If you want to install on your localsystem, run `make install`. For our case we
just want the tor binary at `src/app/tor`.
## Use tor in TB and at a relay
Download and install a fresh Tor Browser (TB) from torproject.org. Make sure it
works. From the command line, relative to the folder created when you extracted
TB, run `./Browser/start-tor-browser --verbose` to get some basic log output.
Note the version of tor, in my case, `Tor 0.4.0.5 (git-bf071e34aa26e096)` as
part of TB 8.5.4. Shut down TB, copy the `tor` binary that you compiled earlier
and replace `Browser/TorBrowser/Tor/tor`. Start TB from the command line again,
you should see a different version, in my case `Tor 0.4.1.5
(git-439ca48989ece545)`.
The relay we run is also on linux, and `tor` is located at `/usr/bin/tor`. To
view relevant logs since last boot `sudo journalctl -b /usr/bin/tor`, where we
find `Tor 0.4.0.5 running on Linux`. Copy the locally compiled `tor` to the
relay at a temporary location and then make sure it's ownership and access
rights are identical to `/usr/bin/tor`. Next, shut down the running tor service
with `sudo service tor stop`, wait for it to stop (typically 30s), copy our
locally compiled tor to replace `/usr/bin/tor` then start the service again.
Checking the logs we see `or 0.4.1.5 (git-439ca48989ece545)`.
Repeatedly shutting down a relay is detrimental to the network and should be
avoided.
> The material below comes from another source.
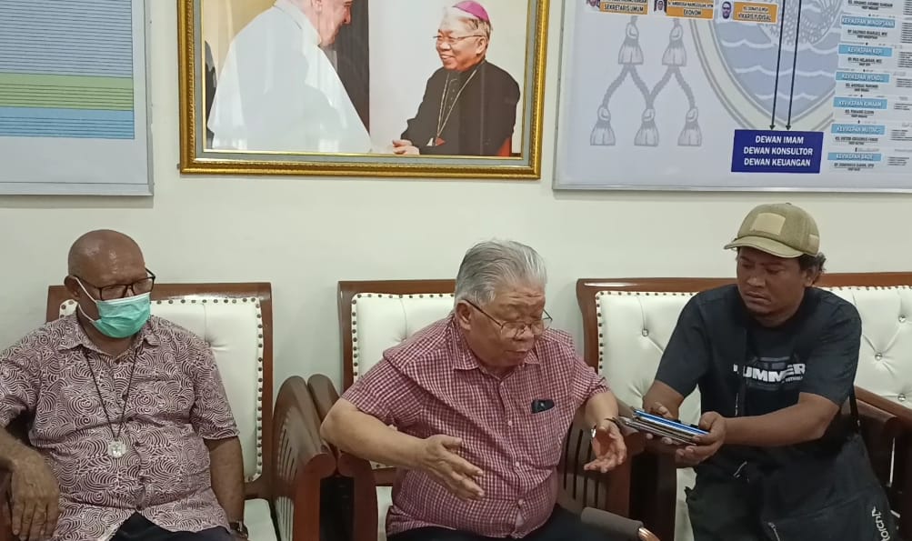 HIDUPKATOLIK.COM – Sejumlah wartawan media cetak dan elektronik secara tiba-tiba datang menemui Uskup Agung Merauke, Mgr. Petrus Canisius Mandagi, MSC di Wisma Keuskupan Jln.Raya Mandala 30, Merauke-Papua Selatan Jumat, 24/2/2023

Sorry about that.
We have one more step left before we move on the machine: configure TB to always
use our middle relay. Edit `Browser/TorBrowser/Data/Tor/torrc` and set
`MiddleNodes <fingerprint>`, where `<fingerprint>` is the fingerprint of the
relay. Start TB, visit a website, and manually confirm that the middle is used
by looking at the circuit display.
## Add a bare-bones APE padding machine
Now the fun part. We have several resources at our disposal (mind that links
might be broken in the future, just search for the headings):
- The official [Circuit Padding Developer
Documentation](https://storm.torproject.org/shared/ChieH_sLU93313A2gopZYT3x2waJ41hz5Hn2uG1Uuh7).
- Notes we made on the [implementation of the circuit padding
framework](https://github.com/pylls/padding-machines-for-tor/blob/master/notes/circuit-padding-framework.md).
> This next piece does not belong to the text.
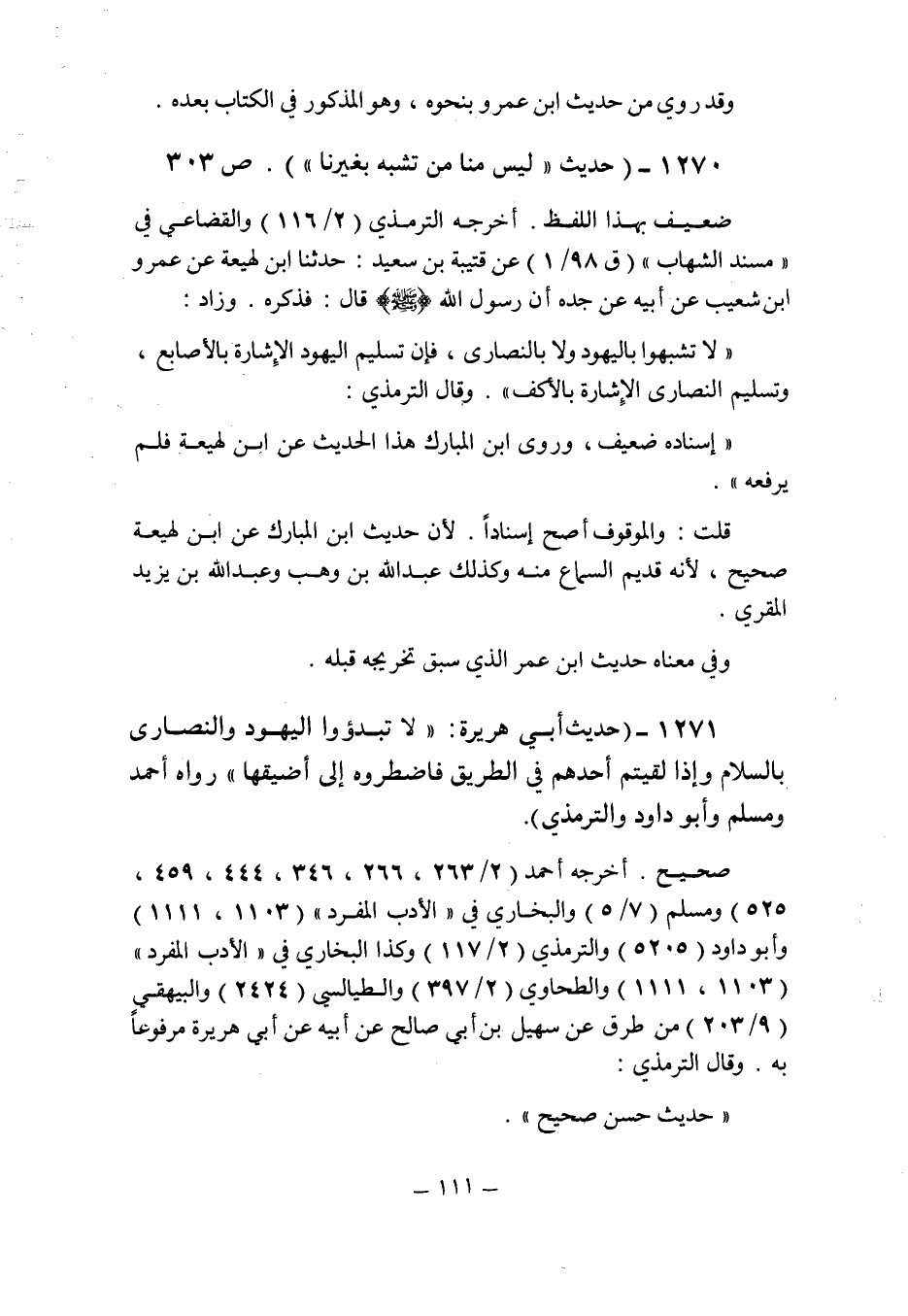(1270) - (حديث: " ليس منا من تشبه بغيرنا " (ص 303) .

- The implementation of the current circuit padding machines in tor:
[circuitpadding.c](https://gitweb.torproject.org/tor.git/tree/src/core/or/circuitpadding_machines.c)
and
[circuitpadding_machines.h](https://gitweb.torproject.org/tor.git/tree/src/core/or/circuitpadding_machines.h).
Please consult the above links for details. Moving forward, the focus is to
describe what was done, not necessarily explaining all the details why.
Since we plan to make changes to tor, create a new branch `git checkout -b
circuit-padding-ape-machine tor-0.4.1.5`.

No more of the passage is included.